## [Exercise]
Pictures should not appear in the copy; the records themselves must be written out exactly.

>>>>>

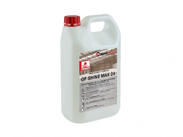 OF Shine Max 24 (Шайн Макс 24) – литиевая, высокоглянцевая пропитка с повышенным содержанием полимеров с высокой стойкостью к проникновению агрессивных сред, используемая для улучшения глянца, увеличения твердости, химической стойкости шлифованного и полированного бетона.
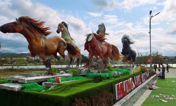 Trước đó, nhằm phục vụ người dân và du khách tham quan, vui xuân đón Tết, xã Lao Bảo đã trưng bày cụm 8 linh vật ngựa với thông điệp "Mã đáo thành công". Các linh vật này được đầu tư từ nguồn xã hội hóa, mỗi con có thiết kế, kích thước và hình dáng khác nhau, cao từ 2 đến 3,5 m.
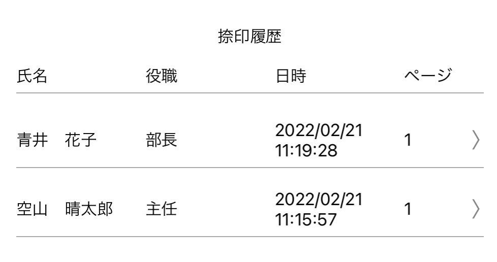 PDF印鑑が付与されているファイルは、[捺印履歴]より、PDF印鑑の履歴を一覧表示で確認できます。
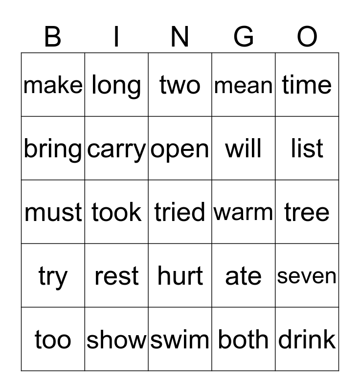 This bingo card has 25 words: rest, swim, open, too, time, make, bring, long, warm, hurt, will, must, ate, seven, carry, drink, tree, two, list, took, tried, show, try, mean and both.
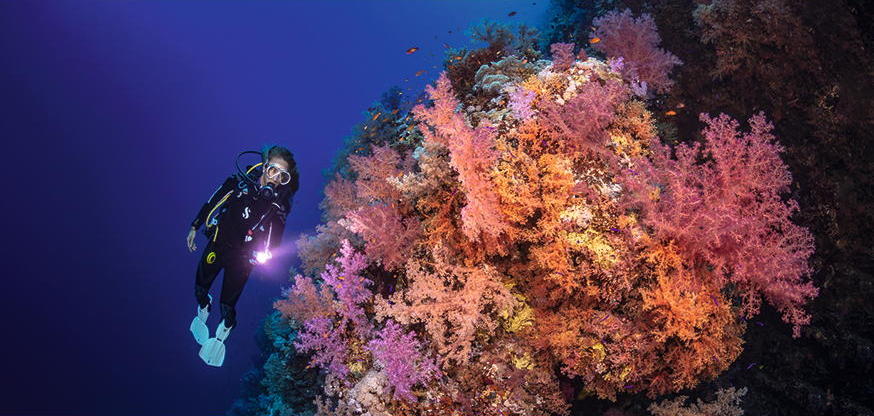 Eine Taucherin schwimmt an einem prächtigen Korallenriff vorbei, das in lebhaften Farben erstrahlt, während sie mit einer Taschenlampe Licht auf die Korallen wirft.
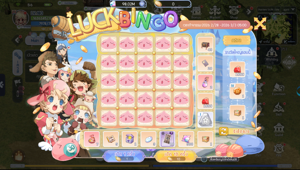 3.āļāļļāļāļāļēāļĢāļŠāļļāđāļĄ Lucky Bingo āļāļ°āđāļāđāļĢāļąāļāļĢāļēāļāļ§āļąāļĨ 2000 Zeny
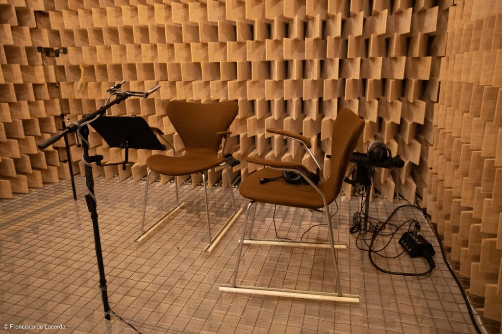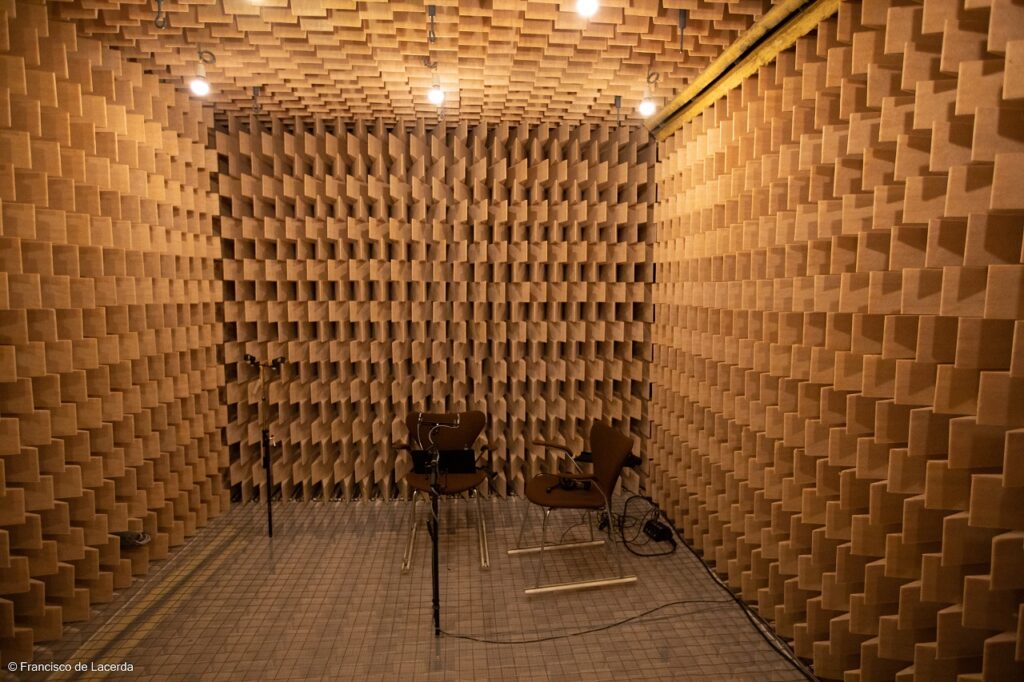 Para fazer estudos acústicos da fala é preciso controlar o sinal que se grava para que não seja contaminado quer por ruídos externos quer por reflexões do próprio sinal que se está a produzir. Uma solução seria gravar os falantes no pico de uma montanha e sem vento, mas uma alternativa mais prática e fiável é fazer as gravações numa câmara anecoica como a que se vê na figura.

<<<<<

## [Solution for this task]
 OF Shine Max 24 (Шайн Макс 24) – литиевая, высокоглянцевая пропитка с повышенным содержанием полимеров с высокой стойкостью к проникновению агрессивных сред, используемая для улучшения глянца, увеличения твердости, химической стойкости шлифованного и полированного бетона.
 Trước đó, nhằm phục vụ người dân và du khách tham quan, vui xuân đón Tết, xã Lao Bảo đã trưng bày cụm 8 linh vật ngựa với thông điệp "Mã đáo thành công". Các linh vật này được đầu tư từ nguồn xã hội hóa, mỗi con có thiết kế, kích thước và hình dáng khác nhau, cao từ 2 đến 3,5 m.
 PDF印鑑が付与されているファイルは、[捺印履歴]より、PDF印鑑の履歴を一覧表示で確認できます。
 This bingo card has 25 words: rest, swim, open, too, time, make, bring, long, warm, hurt, will, must, ate, seven, carry, drink, tree, two, list, took, tried, show, try, mean and both.
 Eine Taucherin schwimmt an einem prächtigen Korallenriff vorbei, das in lebhaften Farben erstrahlt, während sie mit einer Taschenlampe Licht auf die Korallen wirft.
 3.āļāļļāļāļāļēāļĢāļŠāļļāđāļĄ Lucky Bingo āļāļ°āđāļāđāļĢāļąāļāļĢāļēāļāļ§āļąāļĨ 2000 Zeny
 Para fazer estudos acústicos da fala é preciso controlar o sinal que se grava para que não seja contaminado quer por ruídos externos quer por reflexões do próprio sinal que se está a produzir. Uma solução seria gravar os falantes no pico de uma montanha e sem vento, mas uma alternativa mais prática e fiável é fazer as gravações numa câmara anecoica como a que se vê na figura.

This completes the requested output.